- _WHAT IS NEEDED_
Below is a listing; retype exactly the lines between the one containing "This boxes contains" and the one containing "Игрушка дразнилка для", inclusive, minus the pictures.

- _DATA FOR THE TASK_
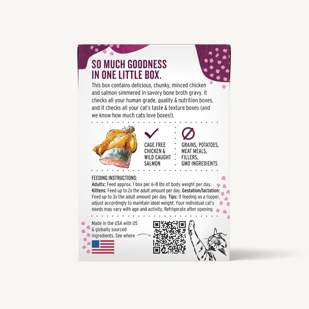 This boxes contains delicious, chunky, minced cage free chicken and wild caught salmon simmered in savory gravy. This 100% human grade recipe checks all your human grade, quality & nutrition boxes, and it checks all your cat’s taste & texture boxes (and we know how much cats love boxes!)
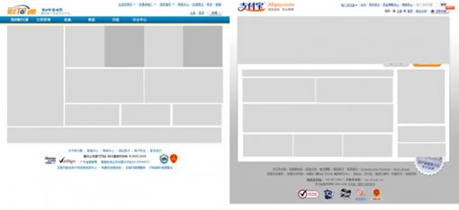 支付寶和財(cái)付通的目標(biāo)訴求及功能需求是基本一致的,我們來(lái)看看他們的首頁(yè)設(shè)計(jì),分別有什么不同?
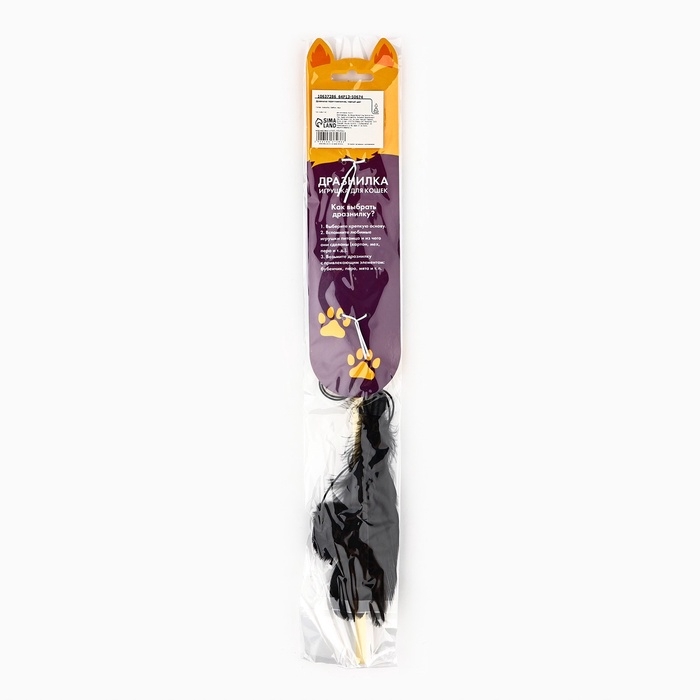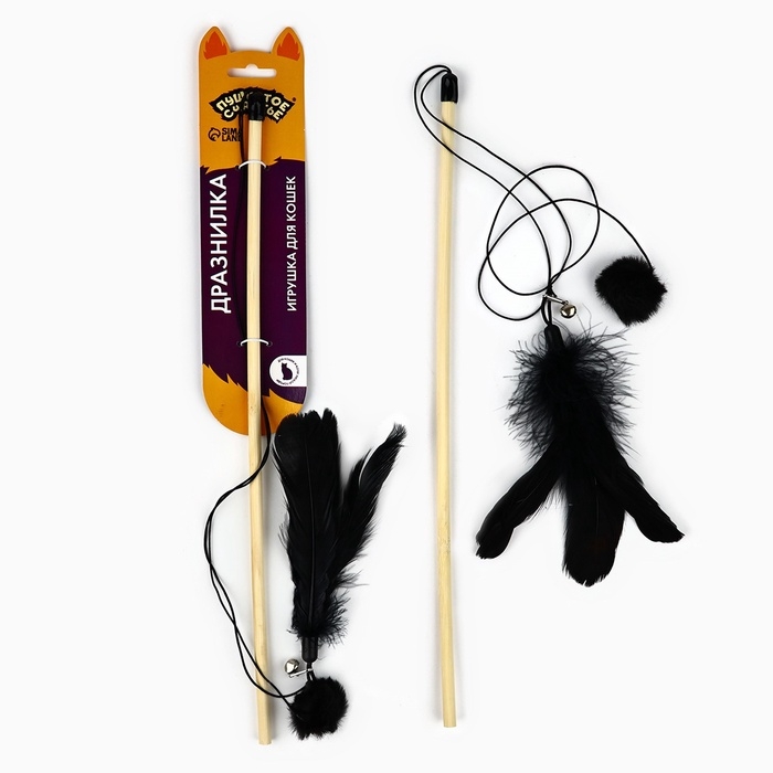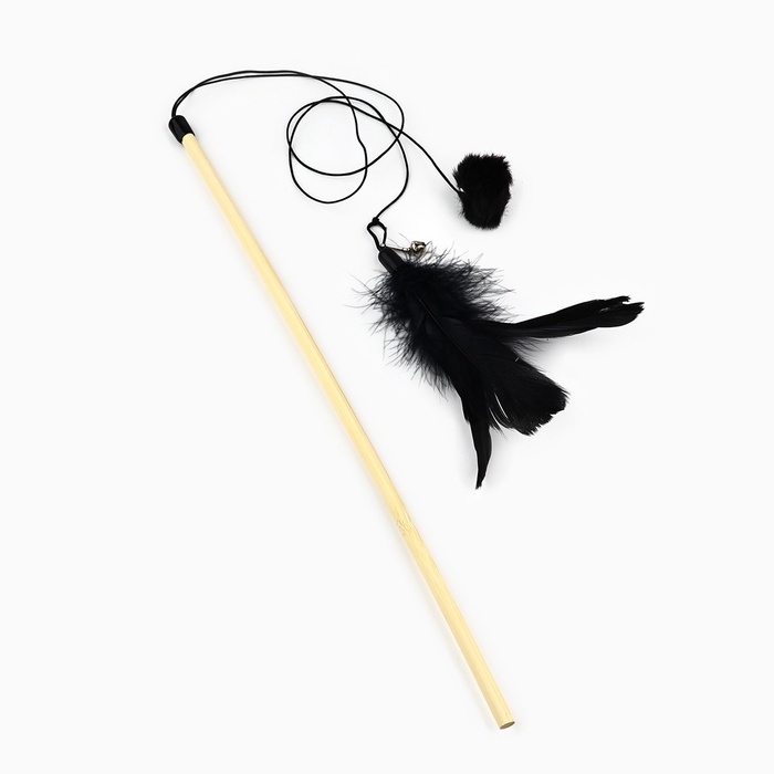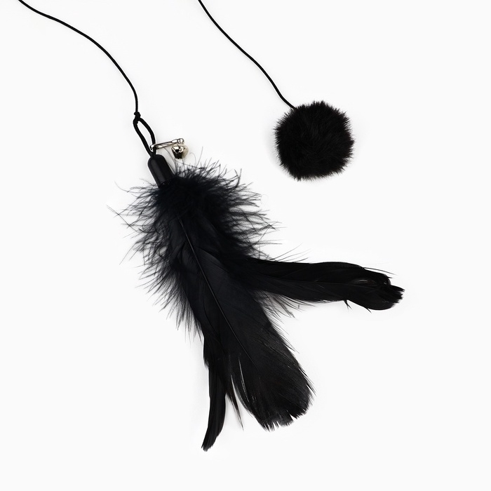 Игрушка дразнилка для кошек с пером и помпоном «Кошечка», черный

---

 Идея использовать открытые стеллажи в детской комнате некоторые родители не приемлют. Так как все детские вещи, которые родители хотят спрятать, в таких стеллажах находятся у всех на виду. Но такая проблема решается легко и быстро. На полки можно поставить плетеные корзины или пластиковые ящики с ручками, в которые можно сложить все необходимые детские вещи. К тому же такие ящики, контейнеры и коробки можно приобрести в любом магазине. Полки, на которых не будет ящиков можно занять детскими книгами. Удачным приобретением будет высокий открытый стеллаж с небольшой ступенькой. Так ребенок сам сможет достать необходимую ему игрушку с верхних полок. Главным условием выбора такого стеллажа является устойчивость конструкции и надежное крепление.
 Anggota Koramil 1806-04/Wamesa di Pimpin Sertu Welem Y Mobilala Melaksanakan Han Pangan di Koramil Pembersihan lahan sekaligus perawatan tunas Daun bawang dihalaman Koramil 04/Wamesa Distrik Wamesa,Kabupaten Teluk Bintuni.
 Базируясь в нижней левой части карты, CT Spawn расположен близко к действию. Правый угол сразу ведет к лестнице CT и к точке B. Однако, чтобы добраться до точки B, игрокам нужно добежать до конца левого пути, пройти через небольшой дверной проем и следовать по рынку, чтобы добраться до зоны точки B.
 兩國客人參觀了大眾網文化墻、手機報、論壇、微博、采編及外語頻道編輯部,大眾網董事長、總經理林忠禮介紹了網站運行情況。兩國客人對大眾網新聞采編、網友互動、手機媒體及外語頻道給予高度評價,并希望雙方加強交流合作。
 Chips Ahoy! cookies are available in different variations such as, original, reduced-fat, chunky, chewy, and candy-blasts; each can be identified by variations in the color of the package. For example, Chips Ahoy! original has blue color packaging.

...

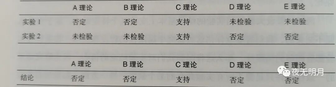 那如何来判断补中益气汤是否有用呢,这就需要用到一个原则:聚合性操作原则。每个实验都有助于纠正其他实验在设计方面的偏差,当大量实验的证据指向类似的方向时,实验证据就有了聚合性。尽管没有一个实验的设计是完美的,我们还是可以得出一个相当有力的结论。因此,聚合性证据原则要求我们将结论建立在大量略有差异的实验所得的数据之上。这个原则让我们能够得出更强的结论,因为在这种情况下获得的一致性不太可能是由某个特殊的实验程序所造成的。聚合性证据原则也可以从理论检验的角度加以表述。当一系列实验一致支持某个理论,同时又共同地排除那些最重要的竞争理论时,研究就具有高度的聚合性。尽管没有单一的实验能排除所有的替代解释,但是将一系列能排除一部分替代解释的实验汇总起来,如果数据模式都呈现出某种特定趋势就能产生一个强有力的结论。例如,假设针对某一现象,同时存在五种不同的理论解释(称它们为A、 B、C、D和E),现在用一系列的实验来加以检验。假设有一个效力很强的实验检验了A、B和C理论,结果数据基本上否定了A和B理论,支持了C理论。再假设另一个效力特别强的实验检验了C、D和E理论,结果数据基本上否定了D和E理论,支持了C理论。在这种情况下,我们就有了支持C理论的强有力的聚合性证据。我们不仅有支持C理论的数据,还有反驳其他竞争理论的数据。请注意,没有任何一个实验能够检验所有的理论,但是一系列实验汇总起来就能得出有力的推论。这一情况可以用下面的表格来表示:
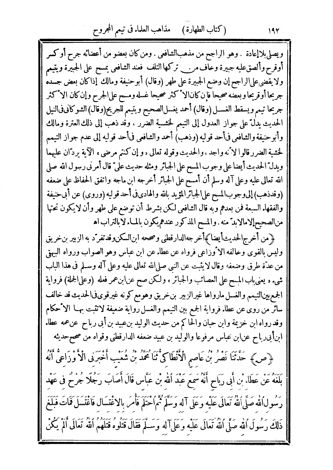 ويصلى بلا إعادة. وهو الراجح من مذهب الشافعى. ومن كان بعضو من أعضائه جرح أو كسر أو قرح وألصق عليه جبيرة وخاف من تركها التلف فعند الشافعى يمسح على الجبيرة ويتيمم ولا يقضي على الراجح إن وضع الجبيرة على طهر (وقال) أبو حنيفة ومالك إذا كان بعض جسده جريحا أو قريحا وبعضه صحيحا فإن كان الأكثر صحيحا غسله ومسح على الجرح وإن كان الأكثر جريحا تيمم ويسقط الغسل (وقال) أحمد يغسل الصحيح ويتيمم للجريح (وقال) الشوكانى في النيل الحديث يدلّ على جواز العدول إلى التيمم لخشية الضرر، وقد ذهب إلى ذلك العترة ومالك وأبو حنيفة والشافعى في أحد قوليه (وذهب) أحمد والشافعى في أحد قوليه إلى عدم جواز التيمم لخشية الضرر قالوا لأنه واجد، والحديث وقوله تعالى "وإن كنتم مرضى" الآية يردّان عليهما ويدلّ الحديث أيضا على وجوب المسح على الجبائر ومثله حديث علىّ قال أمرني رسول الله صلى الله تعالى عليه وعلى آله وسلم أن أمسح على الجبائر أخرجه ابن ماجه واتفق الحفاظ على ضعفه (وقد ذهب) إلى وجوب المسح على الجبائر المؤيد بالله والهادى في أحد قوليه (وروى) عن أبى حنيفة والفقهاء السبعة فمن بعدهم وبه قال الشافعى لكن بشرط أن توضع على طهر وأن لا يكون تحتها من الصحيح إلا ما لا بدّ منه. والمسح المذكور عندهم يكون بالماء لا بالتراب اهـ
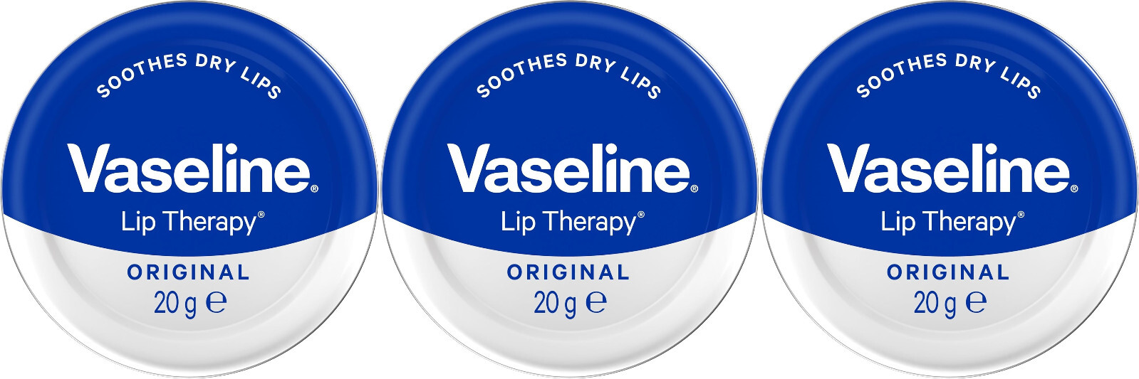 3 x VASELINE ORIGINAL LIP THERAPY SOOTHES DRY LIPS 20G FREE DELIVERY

- _REPLY_
 This boxes contains delicious, chunky, minced cage free chicken and wild caught salmon simmered in savory gravy. This 100% human grade recipe checks all your human grade, quality & nutrition boxes, and it checks all your cat’s taste & texture boxes (and we know how much cats love boxes!)
 支付寶和財(cái)付通的目標(biāo)訴求及功能需求是基本一致的,我們來(lái)看看他們的首頁(yè)設(shè)計(jì),分別有什么不同?
 Игрушка дразнилка для кошек с пером и помпоном «Кошечка», черный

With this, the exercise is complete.